[About this exercise]
Write each line of the material exactly as given, from the top through the line that contains "他穿着志愿者统一的红马甲,亲自下地劳作,从挖坑到种植全都亲力亲为。", and omit all pictures.

[Input data]

---+---

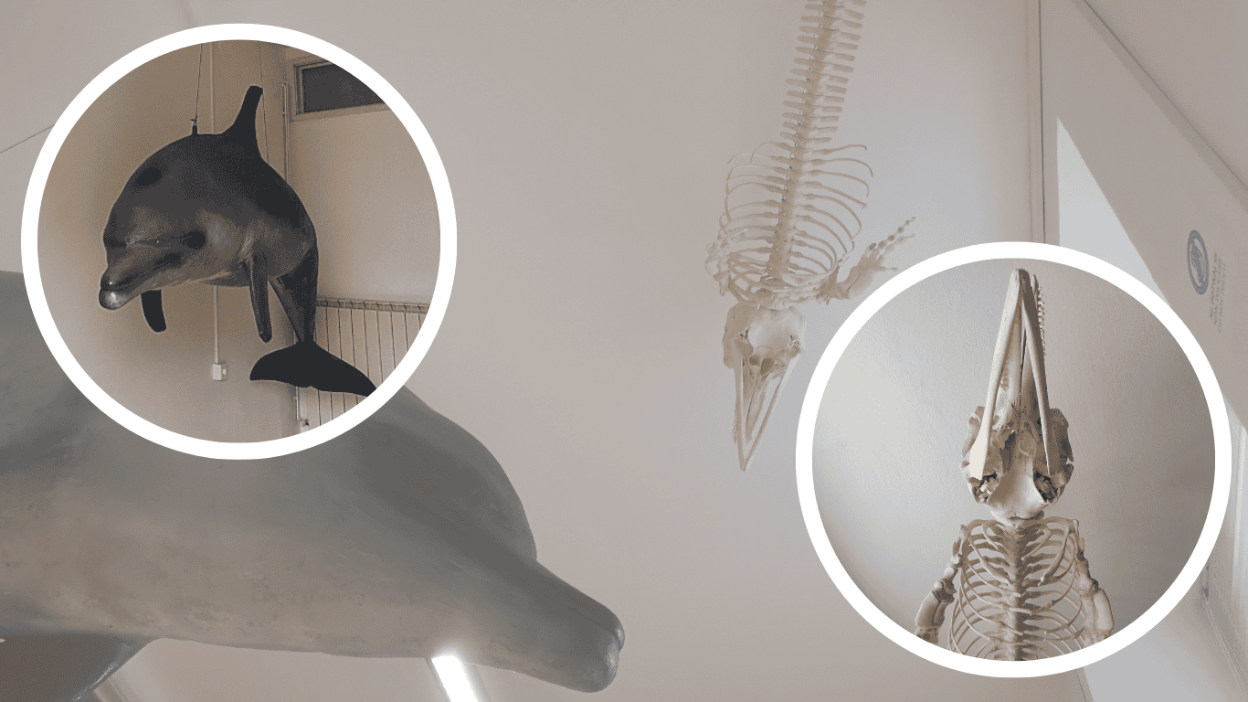 Un’attrazione interessante è anche la statua realistica del delfino a grandezza naturale, chiamata come uno dei delfini più osservati nel nostro mare – Morigenos. Con questa statua, il Centro offre ai visitatori una visione reale e delle dimensioni del delfino, che sicuramente li affascinerà. Il più recente acquisto del Centro è lo scheletro di un cucciolo di delfino, che consente ai visitatori di esplorare la struttura corporea dei delfini.
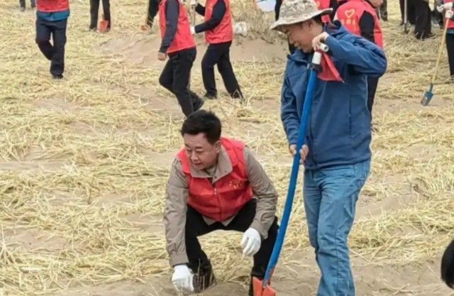 他穿着志愿者统一的红马甲,亲自下地劳作,从挖坑到种植全都亲力亲为。
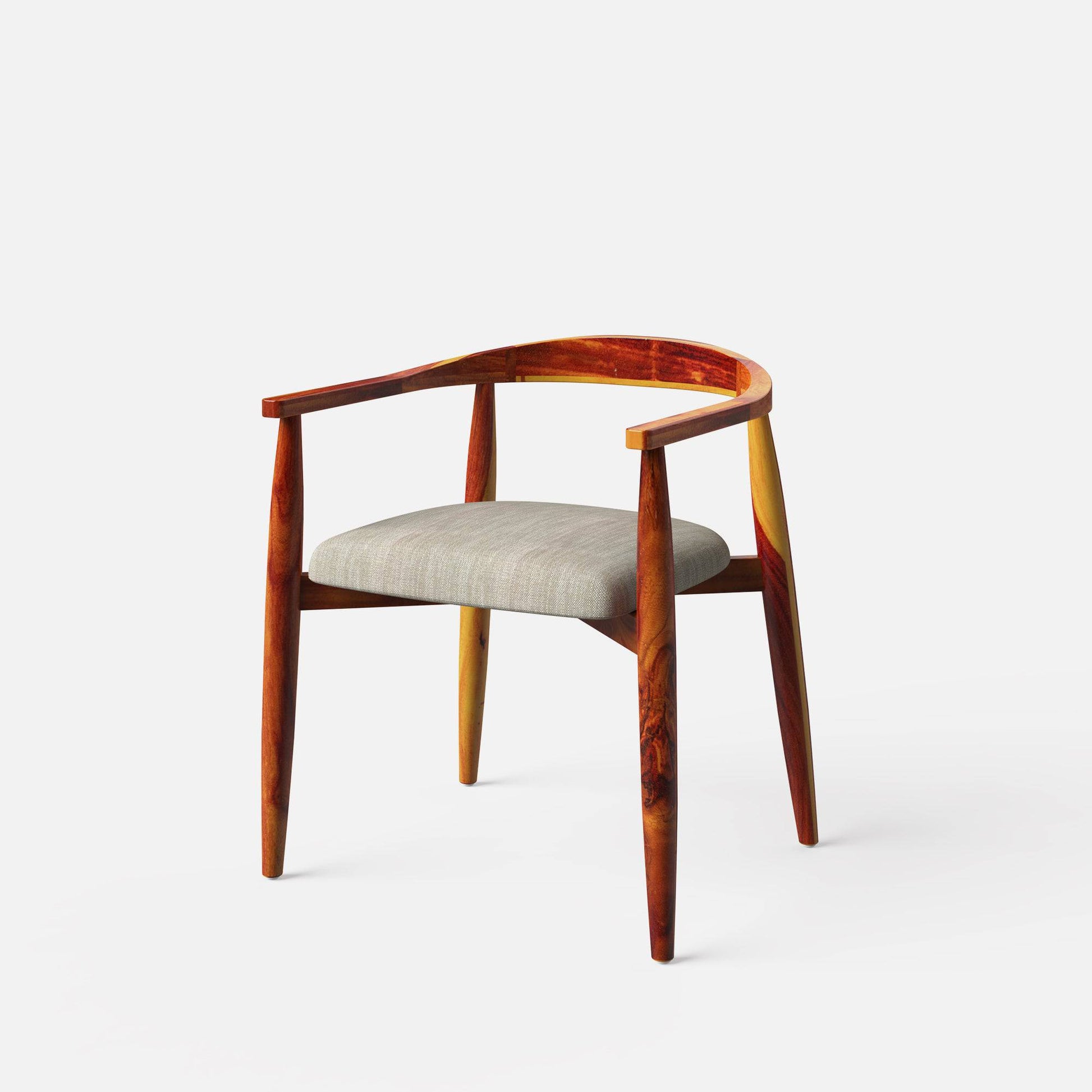 The Maya dining table set with Millie Upholstered chairs is a testament to contemporary modern design. Crafted from Sheesham wood with a light honey finish, the table stands out with its rounded tabletop design, adding a unique touch to your dining space. The Millie chairs, inspired by Hans J Wegner's round chair design, feature tapered round legs with a matching light honey finish. Their greige grey cotton blend fabric upholstery, wooden curved armrests, and sleek Scandinavian style offer both comfort and sophistication. For added versatility, the set offers an option with an upholstered bench, ensuring comfortable and stylish seating.

---+---

[Worked solution]
 Un’attrazione interessante è anche la statua realistica del delfino a grandezza naturale, chiamata come uno dei delfini più osservati nel nostro mare – Morigenos. Con questa statua, il Centro offre ai visitatori una visione reale e delle dimensioni del delfino, che sicuramente li affascinerà. Il più recente acquisto del Centro è lo scheletro di un cucciolo di delfino, che consente ai visitatori di esplorare la struttura corporea dei delfini.
 他穿着志愿者统一的红马甲,亲自下地劳作,从挖坑到种植全都亲力亲为。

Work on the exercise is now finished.